→ Task description: Images in the records should be skipped while the rest is transcribed verbatim.

→ Given data:

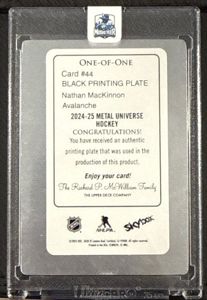 Nathan MacKinnon 1/1 #44 Black Printing Plate 2024-25 Metal Universe Hockey
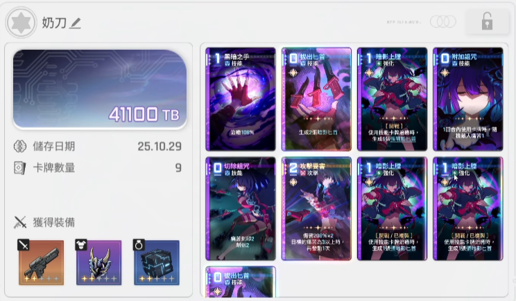 这里如果出的神卡是减费也是非常不错的,作战当中一定要选择第一个,因为只有第一个才给奶量,给大家匕首水之根源不要选择消灭就行,复制只要是0费的奶其实都可以复制,雷伊的话则删掉暗黑之刃和黑暗斩击,优先选择虚无卡牌的伤害量加40%,如果想和其他卡组也通用的话,也可以选择费用为1以下的卡牌,伤害量加40%核心技能点心时间,只要复制这张卡就行,越多越好,暗黑就选择一回合之内虚无攻击卡牌的伤害量加50%的效果,要想通用到其他卡组的话,选择这个选择一张攻击卡牌,在使用前伤害加100%好了。
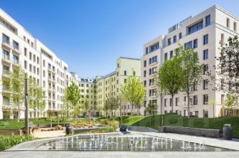 Инфраструктура: на территории комплекса есть внутренний сад с ручьём, детскими площадками, лаунж-зонами и зелёными аллеями.
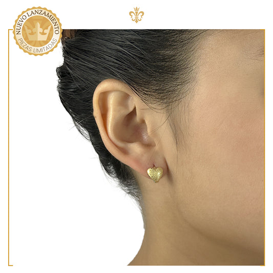 Aretes Huggies En Forma Corazón Satinados Oro Laminado 14k
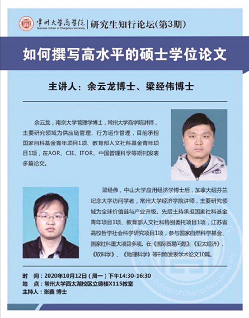 为进一步提升研究生的论文规范写作意识,提高学位论文的写作质量,商学院于10月12日下午在立德楼X115教室举行了第3期研究生知行论坛。论坛主题为“如何撰写高水平的硕士学位论文”,商学院余云龙博士和经济学院梁经伟博士担任主讲嘉宾,商学院50多名研究生参加论坛。论坛由张鑫博士主持。 余云龙博士结合自己学业生涯中的期刊论文写作经验和学位论文写作经验,从“期刊论文初稿写作、期刊论文投稿、学位论文写作”等三个方面系统科学地讲解了期刊论文初稿写作和学位论文写作的技巧和方法。随后,梁经伟博士结合自己在中山大学的博士后科研经历,从“论文写作的经验、论文投稿的经验、论文发表的案例、相关问题的交流”等四个方面,深入细致地分享了自己的论文投稿经验。最后,两位主讲嘉宾与参会同学进行了友好互动,并就同学们的学术疑问进行了解答,这对同学们的学术生涯规划和高质量论文写作具有积极的促进作用。 本次论坛历时近两个小时,讲解清晰、重点明确、气氛活跃,使广大商学院研究生对高质量论文写作有了更为系统科学的认识,有助于研究生撰写高质量的学术论文和高水平的学位论文。
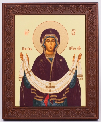 Икона на дереве 18х22 прокат, ковчег с резным обрамлением, упаковка Покров

→ Response below:
 Nathan MacKinnon 1/1 #44 Black Printing Plate 2024-25 Metal Universe Hockey
 这里如果出的神卡是减费也是非常不错的,作战当中一定要选择第一个,因为只有第一个才给奶量,给大家匕首水之根源不要选择消灭就行,复制只要是0费的奶其实都可以复制,雷伊的话则删掉暗黑之刃和黑暗斩击,优先选择虚无卡牌的伤害量加40%,如果想和其他卡组也通用的话,也可以选择费用为1以下的卡牌,伤害量加40%核心技能点心时间,只要复制这张卡就行,越多越好,暗黑就选择一回合之内虚无攻击卡牌的伤害量加50%的效果,要想通用到其他卡组的话,选择这个选择一张攻击卡牌,在使用前伤害加100%好了。
 Инфраструктура: на территории комплекса есть внутренний сад с ручьём, детскими площадками, лаунж-зонами и зелёными аллеями.
 Aretes Huggies En Forma Corazón Satinados Oro Laminado 14k
 为进一步提升研究生的论文规范写作意识,提高学位论文的写作质量,商学院于10月12日下午在立德楼X115教室举行了第3期研究生知行论坛。论坛主题为“如何撰写高水平的硕士学位论文”,商学院余云龙博士和经济学院梁经伟博士担任主讲嘉宾,商学院50多名研究生参加论坛。论坛由张鑫博士主持。 余云龙博士结合自己学业生涯中的期刊论文写作经验和学位论文写作经验,从“期刊论文初稿写作、期刊论文投稿、学位论文写作”等三个方面系统科学地讲解了期刊论文初稿写作和学位论文写作的技巧和方法。随后,梁经伟博士结合自己在中山大学的博士后科研经历,从“论文写作的经验、论文投稿的经验、论文发表的案例、相关问题的交流”等四个方面,深入细致地分享了自己的论文投稿经验。最后,两位主讲嘉宾与参会同学进行了友好互动,并就同学们的学术疑问进行了解答,这对同学们的学术生涯规划和高质量论文写作具有积极的促进作用。 本次论坛历时近两个小时,讲解清晰、重点明确、气氛活跃,使广大商学院研究生对高质量论文写作有了更为系统科学的认识,有助于研究生撰写高质量的学术论文和高水平的学位论文。
 Икона на дереве 18х22 прокат, ковчег с резным обрамлением, упаковка Покров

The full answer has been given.